The ongoing global coronavirus outbreak has set off a domino effect of event disruptions that will have fashion and entertainment attorneys poring over venue, sponsorship and insurance contracts to assess the damage.
In the past week alone, the city of Austin, Tex., moved to cancel South by Southwest, while the eyewear trade show Vision Expo East, originally scheduled for later this month in New York City, was also canceled. Gucci canceled its 2021 cruise fashion show in San Francisco that was to take place in May, while Ralph Lauren said it would cancel its fashion show in April. Tokyo Fashion Week was canceled, and the retail event Shoptalk was postponed to September. And there is still speculation about how the 2020 Summer Olympics in Tokyo will be affected, though the International Olympic Committee has so far indicated plans to proceed.

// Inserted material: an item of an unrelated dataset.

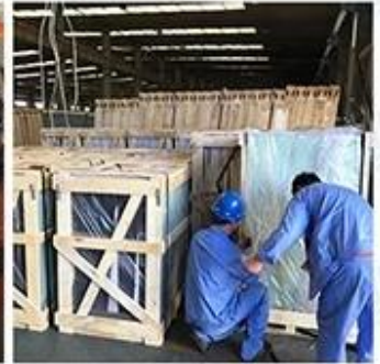
Packing & Loading

Amid the string of cancellations, some attorneys are turning their attention to the rarely invoked “force majeure” clause, often nestled in the boilerplate language within business contracts, which could be used to give parties a way out of an agreement under extreme circumstances wrought by a “superior force,” as the term translates from French.
However, applying a force majeure argument in the context of an outbreak may be challenging, attorneys said. Contracts typically explain such clauses as applying to acts of terror, or acts of nature such as earthquakes and tsunamis. Illness outbreaks, on the other hand, are seldom delineated as a force majeure event in contracts, though brands could invoke the provision by trying to make the case that serious public health concerns forced their hand.
“You can’t hold the event without risk to health and human safety, would be the force majeure argument,” said Douglas Hand of Hand Baldachin & Associates LLP, who said his firm is currently advising several clients on contractual issues relating to cancellations resulting from the COVID-19 outbreak.
The World Health Organization, which declared the outbreak an “emergency” in January, said in a situation report Sunday that there were more than 105,000 cases of COVID-19, the disease caused by the coronavirus. Federal and state officials in the U.S., including the Secretary of the Department of Health and Human Services and the governors of California and Pennsylvania, have made similar “emergency” declarations in order to dispatch more resources toward fighting the outbreak. New York State also declared a state of emergency this weekend, and Italy locked down the Lombardy region and other provinces, impacting 16 million people.
In the case of SXSW, the city of Austin made the decision to cancel the event, which prompted the festival’s organizers to say in a statement Friday that “SXSW will faithfully follow the City’s directions.” On Friday, the city of Austin said that Austin-Travis County officials also declared a “local state of disaster,” which they said would help the city take precautionary measures ahead of this month’s festival season.
Official government responses can help companies argue that the outbreak posed a strong enough risk to forego a planned event, or show that they explicitly directed them to shut down an event, experts said.
“It would be helpful to have a designation as an emergency by a government entity or an intergovernmental agency,” said Susan Scafidi, director of Fordham Law School’s Fashion Law Institute. “It’s the strongest possible argument that your hands were tied, that the force was stronger than you, and you couldn’t help but cancel.”
Event organizing involves a slew of contracts between organizers, brands, sponsors, venues, caterers, event design and decor, hotels and travel providers. A fashion show, for instance, may also involve contracts with modeling agencies, while a show that required the production of samples would likely involve manufacturing contracts.
“Every possible moment in the event can be touched by an issue related to the inability to perform the contract,” Scafidi said.
But force majeure provisions are meant to address extreme circumstances that make an event impossible to proceed with, and not necessarily apply to proactive measures to prevent the spread of an outbreak or to cancellations that anticipate that guests may simply not show up, attorneys said.
Companies invoking the provision to justify a precautionary cancellation or postponement can try to negotiate with event partners, or end up having to make the case to a court or an arbitrator, experts said.
“Fear of pandemic is not a force majeure event and fear is not a legally enforceable reason to cancel an event,” said Steven Adelman of the Adelman Law Group PLLC, who concentrates on sports and entertainment law, and represents parties involved in event organizing.
Companies may also look to generalized cancellation provisions in their contracts that speak to deadlines for cancellations and refunds. Event organizers, in particular, may be looking through their event insurance terms to assess whether they already include some kind of infectious disease coverage. Since the outbreak, however, this type of disease-related coverage is rare to come by, attorneys said.
Beyond contracts and the law, there are social and relationship dynamics at play in such an unusual instance of a global outbreak that has affected more than 80 countries. Postponing an event rather than outright canceling could shield companies from more liability.
“There’s a difference between a pure cancellation and a postponement,” said Scafidi. “Even a venue that is protected by draconian cancellation provisions might be flexible if they think the event might be rebooked, or if it’s a prominent client. And no one wants to be in the headlines for being the airline that was impossible to deal with, or an extremely difficult hotel chain.”